**Supplied material**
━━━━━━━━━━━━━━━━━━━━

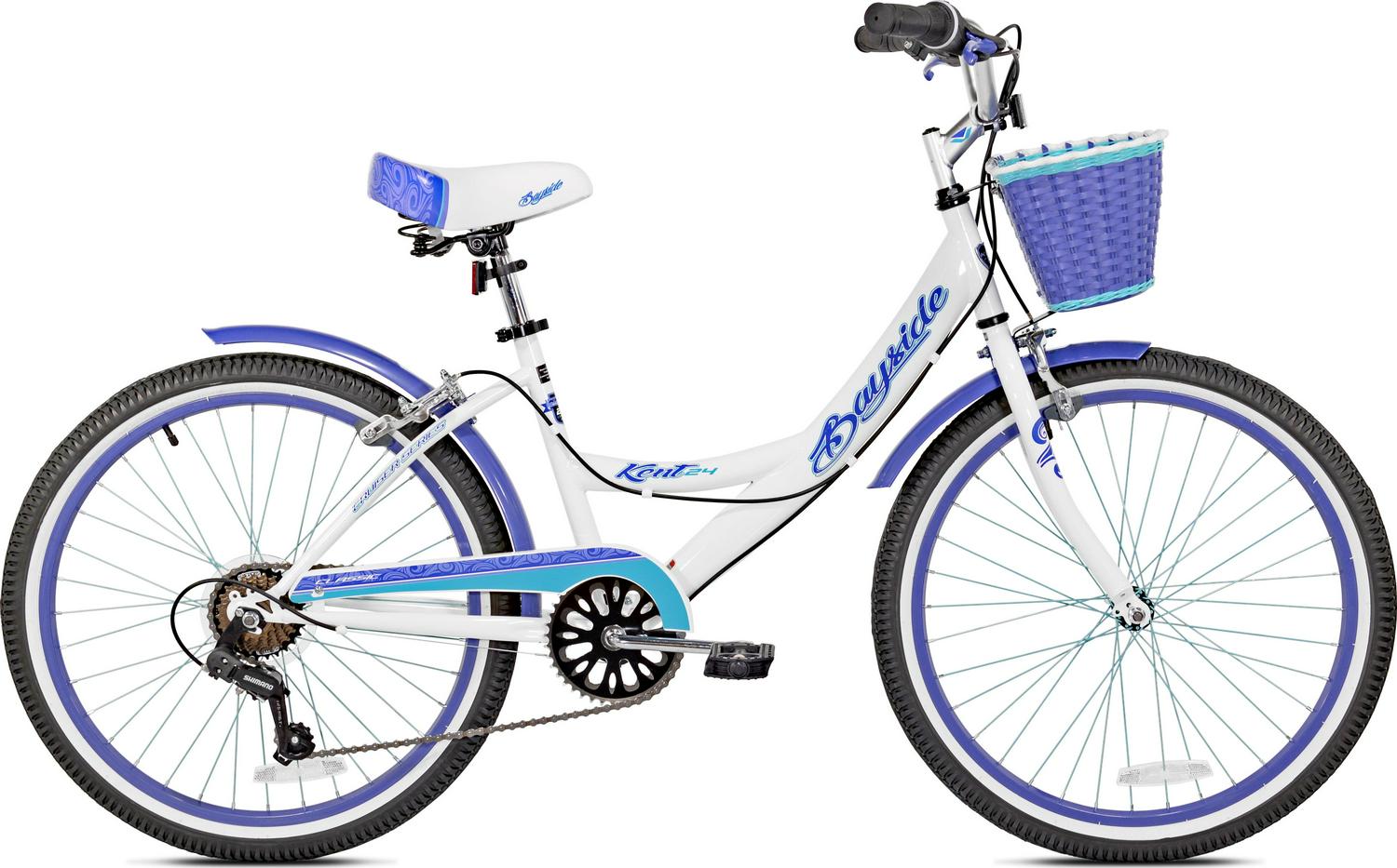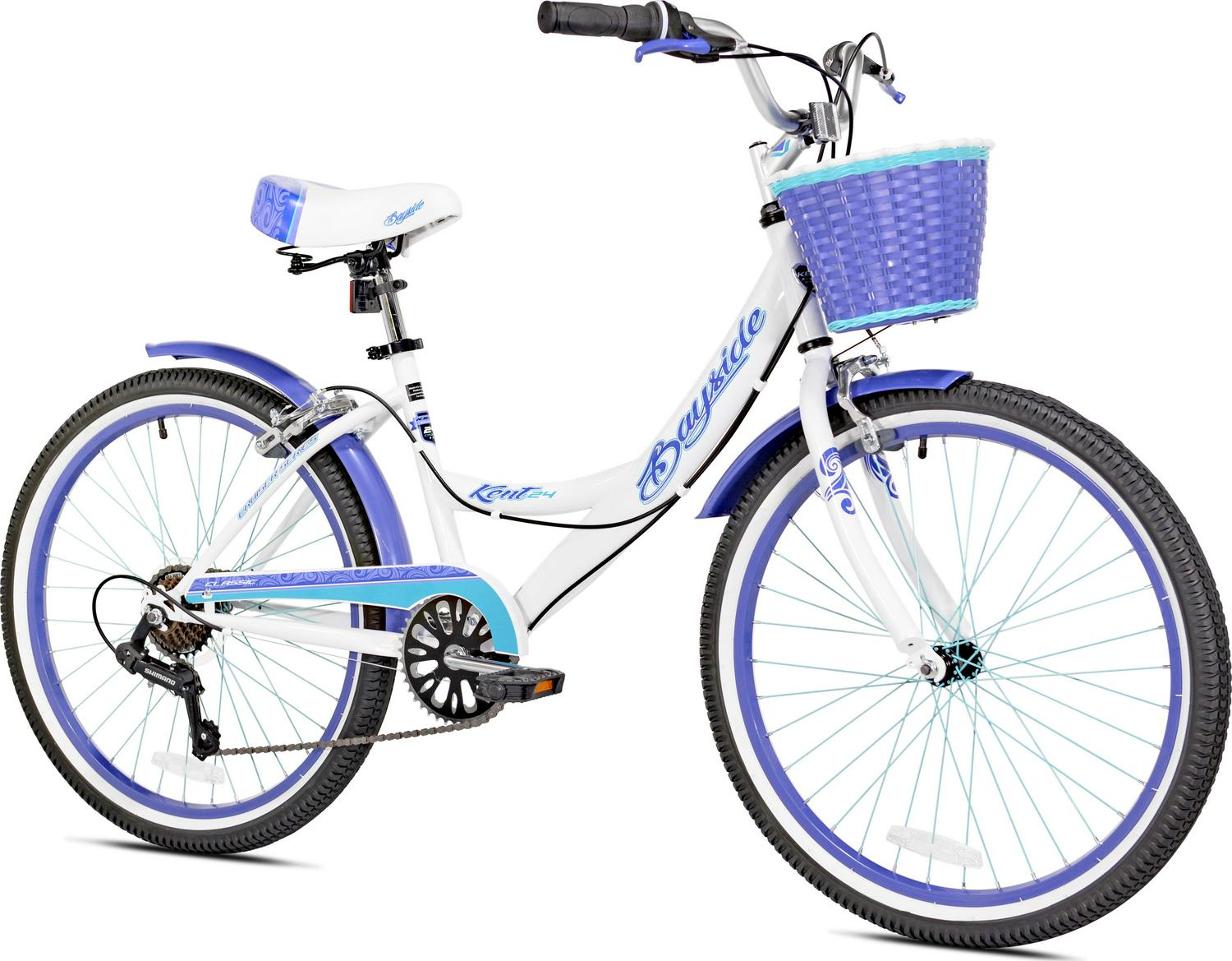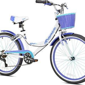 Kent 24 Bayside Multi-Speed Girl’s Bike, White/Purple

━━━━━━━━━━━━━━━━━━━━

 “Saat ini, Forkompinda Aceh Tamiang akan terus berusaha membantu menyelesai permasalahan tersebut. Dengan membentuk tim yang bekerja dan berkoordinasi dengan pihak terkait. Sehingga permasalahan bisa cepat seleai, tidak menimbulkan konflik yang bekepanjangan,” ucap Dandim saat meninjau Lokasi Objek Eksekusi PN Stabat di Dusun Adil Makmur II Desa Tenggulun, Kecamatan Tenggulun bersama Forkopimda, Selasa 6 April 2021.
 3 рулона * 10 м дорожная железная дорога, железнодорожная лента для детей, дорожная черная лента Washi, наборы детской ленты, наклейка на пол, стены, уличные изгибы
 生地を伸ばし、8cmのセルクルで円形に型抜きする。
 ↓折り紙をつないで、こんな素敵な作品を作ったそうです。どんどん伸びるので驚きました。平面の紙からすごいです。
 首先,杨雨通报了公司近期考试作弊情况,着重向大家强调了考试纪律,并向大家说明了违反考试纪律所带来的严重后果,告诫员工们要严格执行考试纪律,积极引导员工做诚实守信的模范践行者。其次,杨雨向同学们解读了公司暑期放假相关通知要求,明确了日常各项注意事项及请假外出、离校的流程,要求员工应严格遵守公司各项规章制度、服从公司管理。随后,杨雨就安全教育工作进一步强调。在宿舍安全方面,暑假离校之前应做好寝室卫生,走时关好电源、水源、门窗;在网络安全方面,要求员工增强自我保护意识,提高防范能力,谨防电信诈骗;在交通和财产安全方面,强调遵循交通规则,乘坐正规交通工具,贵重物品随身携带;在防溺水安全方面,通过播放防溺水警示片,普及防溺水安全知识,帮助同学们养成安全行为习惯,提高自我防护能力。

━━━━━━━━━━━━━━━━━━━━

**Task goal**
Beginning at the line with "生地を伸ばし、8cmのセルクルで円形に型抜きする。" and ending at the line with "首先,杨雨通报了公司近期考试", reproduce each line of the data above exactly, and add no other lines.

**Result of this task**
 生地を伸ばし、8cmのセルクルで円形に型抜きする。
 ↓折り紙をつないで、こんな素敵な作品を作ったそうです。どんどん伸びるので驚きました。平面の紙からすごいです。
 首先,杨雨通报了公司近期考试作弊情况,着重向大家强调了考试纪律,并向大家说明了违反考试纪律所带来的严重后果,告诫员工们要严格执行考试纪律,积极引导员工做诚实守信的模范践行者。其次,杨雨向同学们解读了公司暑期放假相关通知要求,明确了日常各项注意事项及请假外出、离校的流程,要求员工应严格遵守公司各项规章制度、服从公司管理。随后,杨雨就安全教育工作进一步强调。在宿舍安全方面,暑假离校之前应做好寝室卫生,走时关好电源、水源、门窗;在网络安全方面,要求员工增强自我保护意识,提高防范能力,谨防电信诈骗;在交通和财产安全方面,强调遵循交通规则,乘坐正规交通工具,贵重物品随身携带;在防溺水安全方面,通过播放防溺水警示片,普及防溺水安全知识,帮助同学们养成安全行为习惯,提高自我防护能力。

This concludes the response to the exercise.